SUPPLIED ENTRIES =

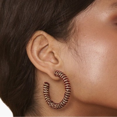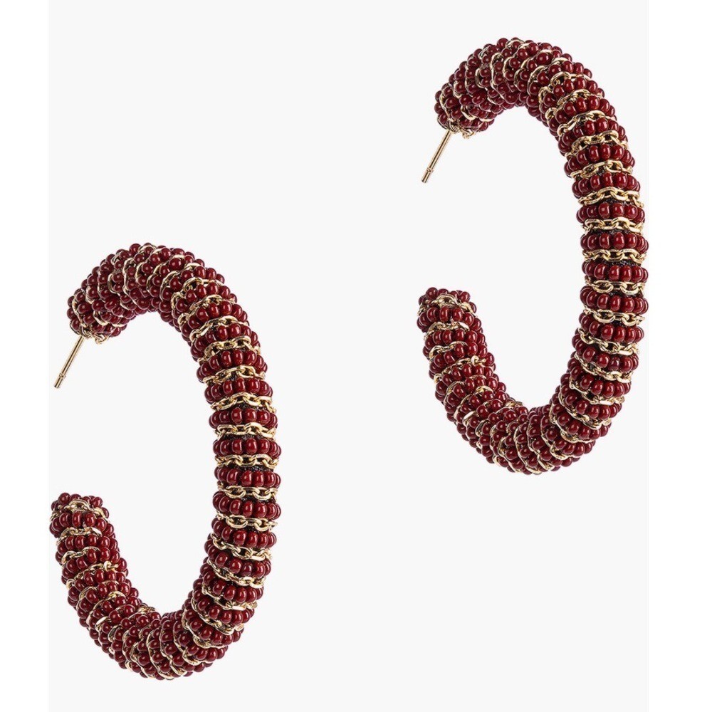 Deepa Gurnani Zareen Hoop Earrings, Maroon/Gold, NWT
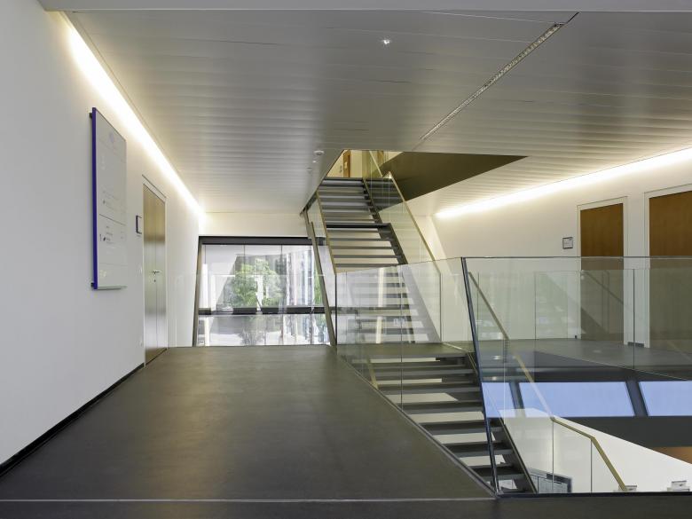 Im Inneren der Anlage wiederholt sich das System der städtebaulichen Raumverschränkungen. Im Zentrum steht die Veranstaltungshalle und die zweigeschossige Gastronomie. Durch Übergänge von ein- eineinhalb- und zweigeschossigen Raumkörpern auf unterschiedlichen Ebenen wird der Innen- und Aussenraum von jedem Blickwinkel aus mehrfach erlebbar. Die inneren Raumzusammenhänge erschliessen sich dem Betrachter gesamthaft.
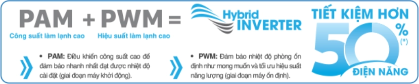 PWM: Đảm bảo nhiệt độ phòng ổn định như ý muốn đồng thời tối ưu hiệu suất tiết kiệm điện ( giai đoạn máy ổn định).
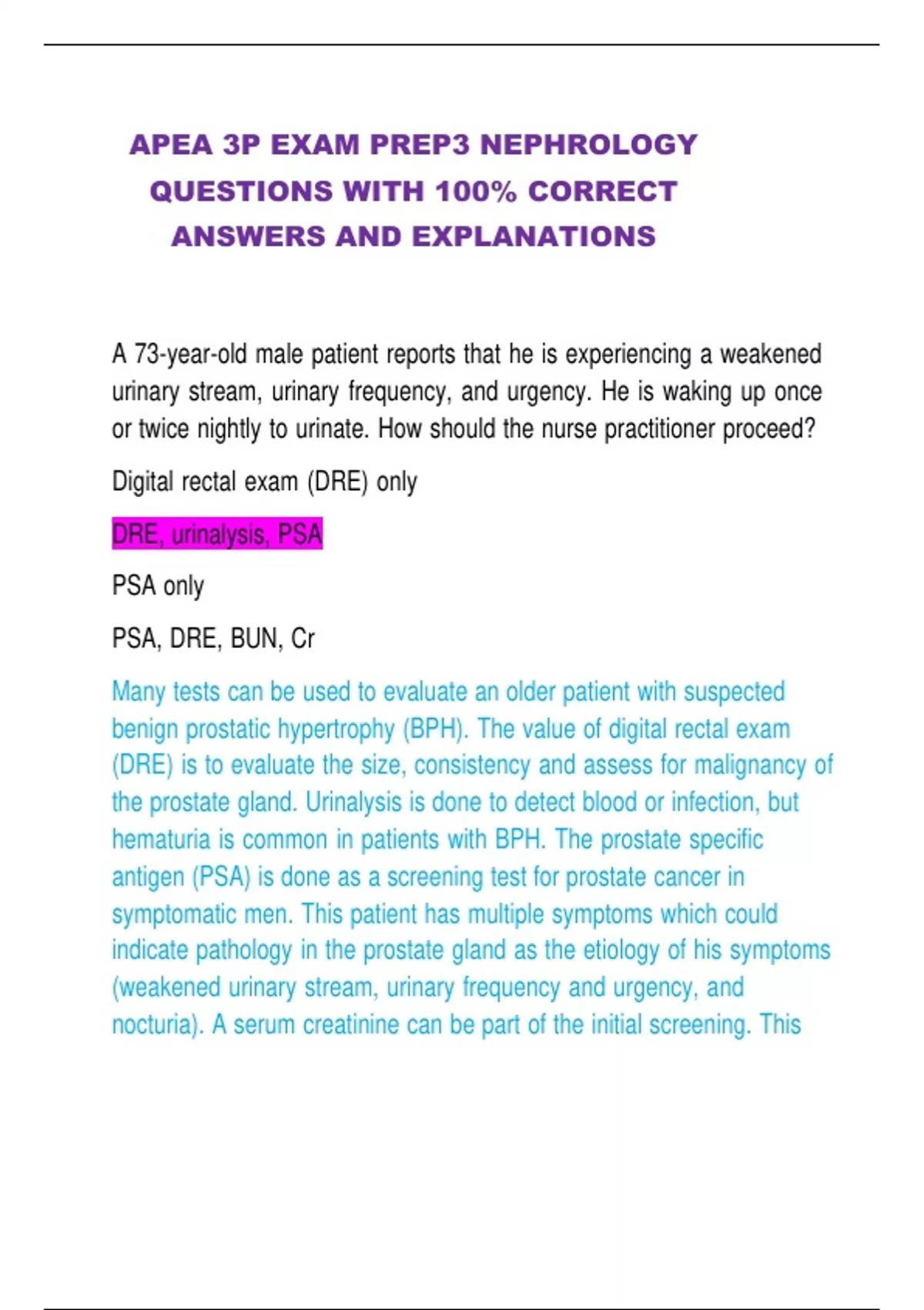 APEA 3P EXAM PREP3 NEPHROLOGY QUESTIONS WITH 100% CORRECT ANSWERS AND EXPLANATIONS A 73-year-old male patient reports that he is experiencing a weakened urinary stream, urinary frequency, and urgency. He is waking up once or twice nightly to urinate. How should the nurse practitioner proceed? Digital rectal exam (DRE) only DRE, urinalysis, PSA PSA only PSA, DRE, BUN, Cr Many tests can be used to evaluate an older patient with suspected benign prostatic hypertrophy (BPH). The value of digital rectal exam (DRE) is to evaluate the size, consistency and assess for malignancy of the prostate gland. Urinalysis is done to detect blood or infection, but hematuria is common in patients with BPH. The prostate specific antigen (PSA) is done as a screening test for prostate cancer in symptomatic men. This patient has multiple symptoms which could indicate pathology in the prostate gland as the etiology of his symptoms (weakened urinary stream, urinary frequency and urgency, and nocturia). A serum creatinine can be part of the initial screening. This would help identify bladder outlet obstruction, renal, or pre-renal disease. A blood urea nitrogen (BUN) is not necessary to evaluate this patient's symptoms. Ciprofloxacin given to treat a urinary tract infection would be contraindicated in a: pregnant patient. 19-year-old female. patient with hypertension. patient with pyelonephritis. Ciprofloxacin is a quinolone antibiotic and is contraindicated in patients who are pregnant or younger than 18 years old because of potential problems with bone and cartilage formation. There is no contraindication in a patient with hypertension. A quinolone might be a good choice in a patient with pyelonephritis and would not be contraindicated. An example of a drug that targets the renin-angiotensin-aldosterone system is a(n): ACE inhibitor. beta blocker. calcium channel blocker. diuretic. Examples of drugs that target the renin-angiotensin-aldosterone system are angiotensin-converting enzyme (ACE) inhibitors and angiotensin receptor blockers (ARBs). These drugs are particularly beneficial to patients with diabetic nephropathy because they may prevent and treat diabetic nephropathy. Additionally, these agents lower blood pressure, which has been shown to be renoprotective. Management of glucose levels and hypertension is especially important in preventing diabetic nephropathy, but so is aggressive management of hyperlipidemia. Testicular torsion can produce: penile erythema. scrotal edema. scrotal erythema. penile edema. Testicular torsion is an emergency because the testicle is deprived of normal blood supply. If blood supply is not reestablished within 12 hours, irreversible damage is certain to occur. Ideally, ischemia is resolved within 4-6 hours. The penis is not affected during testicular torsion. Besides testicular torsion, epididymitis, trauma, and an inguinal hernia are other common causes of scrotal pain.
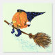 Witch Pumpkin Flying with Broom Funny Halloween Wallpaper
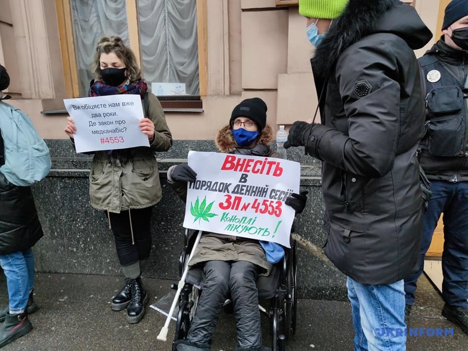 Як передає кореспондент “Укрінформу”, мітингувальники тримали плакати з вимогою внести до парламенту законопроєкт № 4553 щодо легалізації медичного канабісу.

GOAL OF THE EXERCISE = Write out the lines from the start of the material to the line with "PWM: Đảm bảo", inclusive and exactly. Skip the pictures.

ANSWER =
 Deepa Gurnani Zareen Hoop Earrings, Maroon/Gold, NWT
 Im Inneren der Anlage wiederholt sich das System der städtebaulichen Raumverschränkungen. Im Zentrum steht die Veranstaltungshalle und die zweigeschossige Gastronomie. Durch Übergänge von ein- eineinhalb- und zweigeschossigen Raumkörpern auf unterschiedlichen Ebenen wird der Innen- und Aussenraum von jedem Blickwinkel aus mehrfach erlebbar. Die inneren Raumzusammenhänge erschliessen sich dem Betrachter gesamthaft.
 PWM: Đảm bảo nhiệt độ phòng ổn định như ý muốn đồng thời tối ưu hiệu suất tiết kiệm điện ( giai đoạn máy ổn định).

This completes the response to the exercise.